Content starts
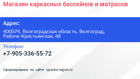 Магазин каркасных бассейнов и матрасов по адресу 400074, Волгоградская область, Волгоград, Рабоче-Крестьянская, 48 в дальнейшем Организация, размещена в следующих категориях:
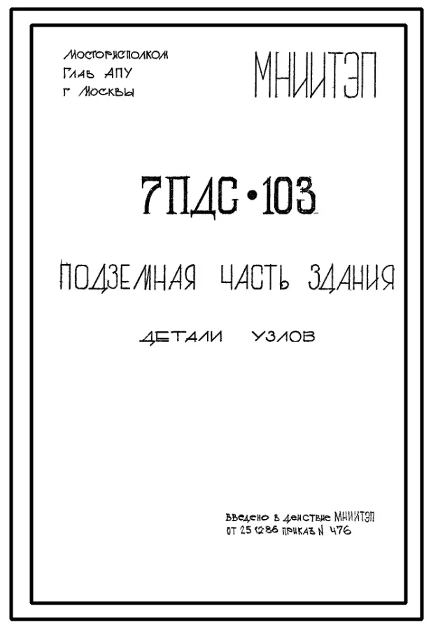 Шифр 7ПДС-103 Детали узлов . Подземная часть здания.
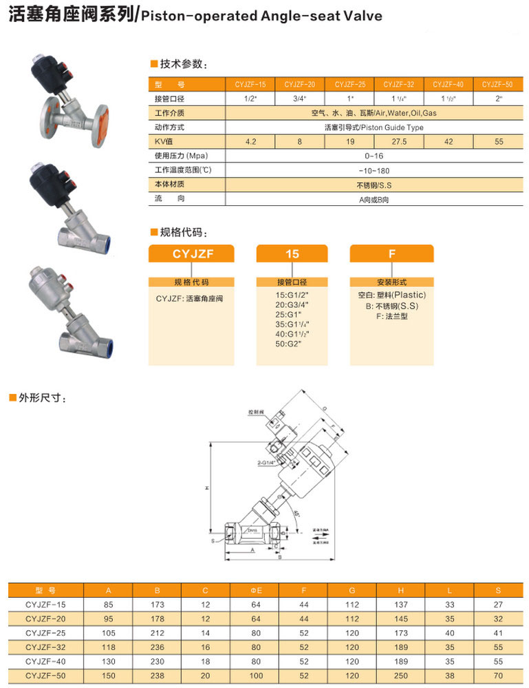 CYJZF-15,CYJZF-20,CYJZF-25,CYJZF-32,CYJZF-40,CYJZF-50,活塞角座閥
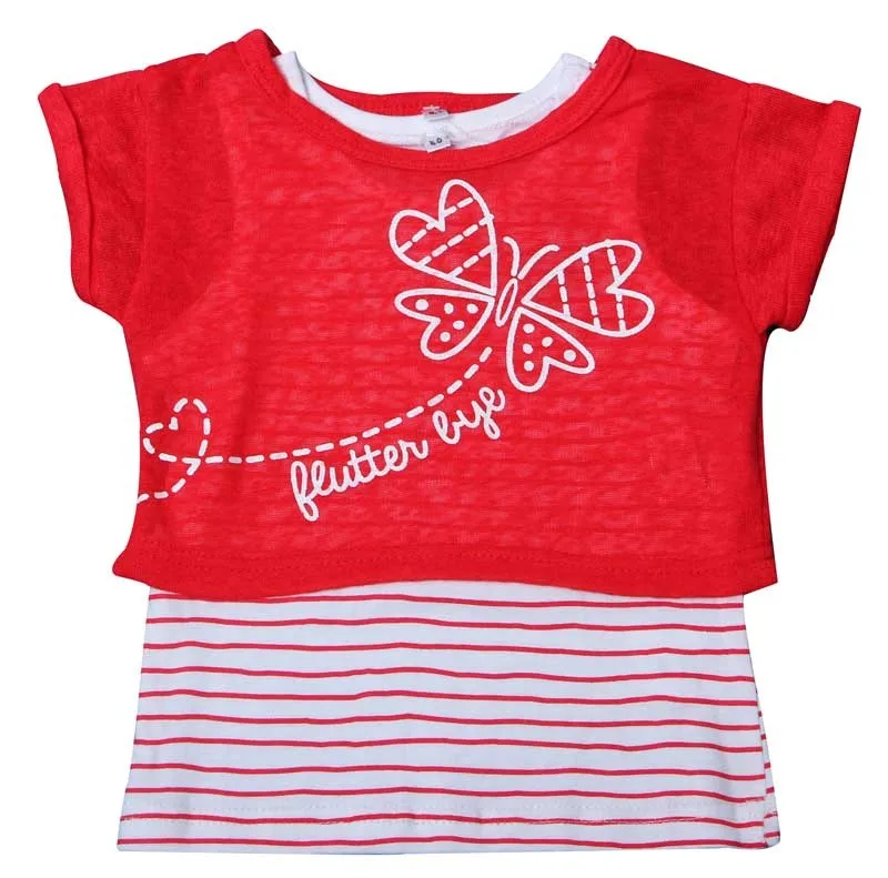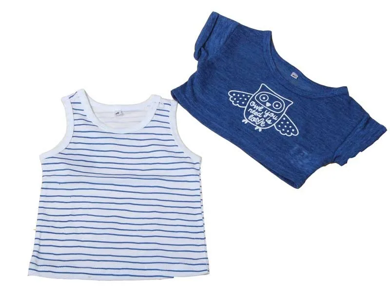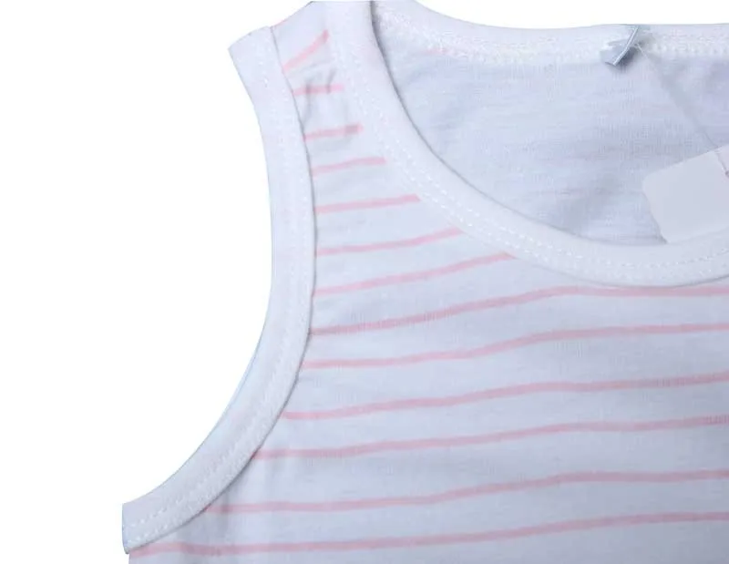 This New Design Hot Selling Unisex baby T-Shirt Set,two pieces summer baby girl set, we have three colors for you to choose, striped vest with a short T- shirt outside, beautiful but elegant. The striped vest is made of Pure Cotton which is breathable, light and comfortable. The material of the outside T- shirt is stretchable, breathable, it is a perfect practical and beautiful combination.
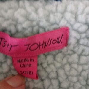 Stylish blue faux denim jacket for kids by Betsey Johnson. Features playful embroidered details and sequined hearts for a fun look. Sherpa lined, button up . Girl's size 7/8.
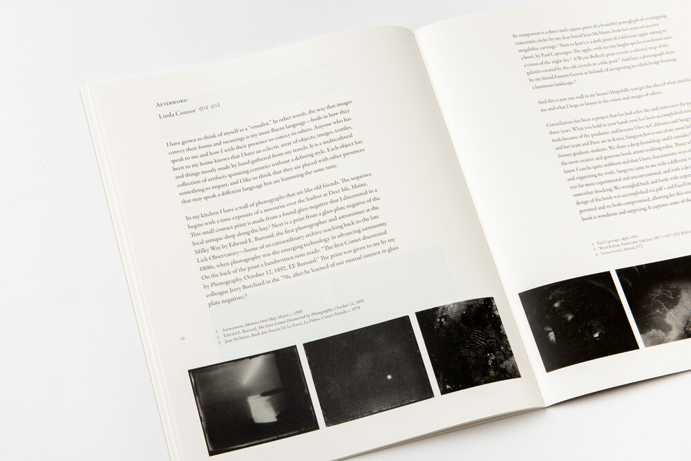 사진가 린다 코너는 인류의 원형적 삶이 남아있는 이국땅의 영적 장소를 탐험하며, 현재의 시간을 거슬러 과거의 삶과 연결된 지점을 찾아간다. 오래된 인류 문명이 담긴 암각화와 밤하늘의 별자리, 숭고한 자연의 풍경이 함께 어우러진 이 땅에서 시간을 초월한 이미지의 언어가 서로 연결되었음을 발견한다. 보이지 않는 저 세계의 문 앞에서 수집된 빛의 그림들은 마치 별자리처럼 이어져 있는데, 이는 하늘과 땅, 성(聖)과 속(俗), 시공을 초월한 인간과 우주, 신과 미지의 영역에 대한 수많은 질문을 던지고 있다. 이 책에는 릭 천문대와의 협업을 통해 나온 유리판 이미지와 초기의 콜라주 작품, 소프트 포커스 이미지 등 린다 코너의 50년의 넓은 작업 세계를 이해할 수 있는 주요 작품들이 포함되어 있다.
Content ends
Directions for this task: Restate word for word each line from the top of the listing down to and including the line that holds "CYJZF-15,CYJZF". Drop any pictures.

Exercise output:
 Магазин каркасных бассейнов и матрасов по адресу 400074, Волгоградская область, Волгоград, Рабоче-Крестьянская, 48 в дальнейшем Организация, размещена в следующих категориях:
 Шифр 7ПДС-103 Детали узлов . Подземная часть здания.
 CYJZF-15,CYJZF-20,CYJZF-25,CYJZF-32,CYJZF-40,CYJZF-50,活塞角座閥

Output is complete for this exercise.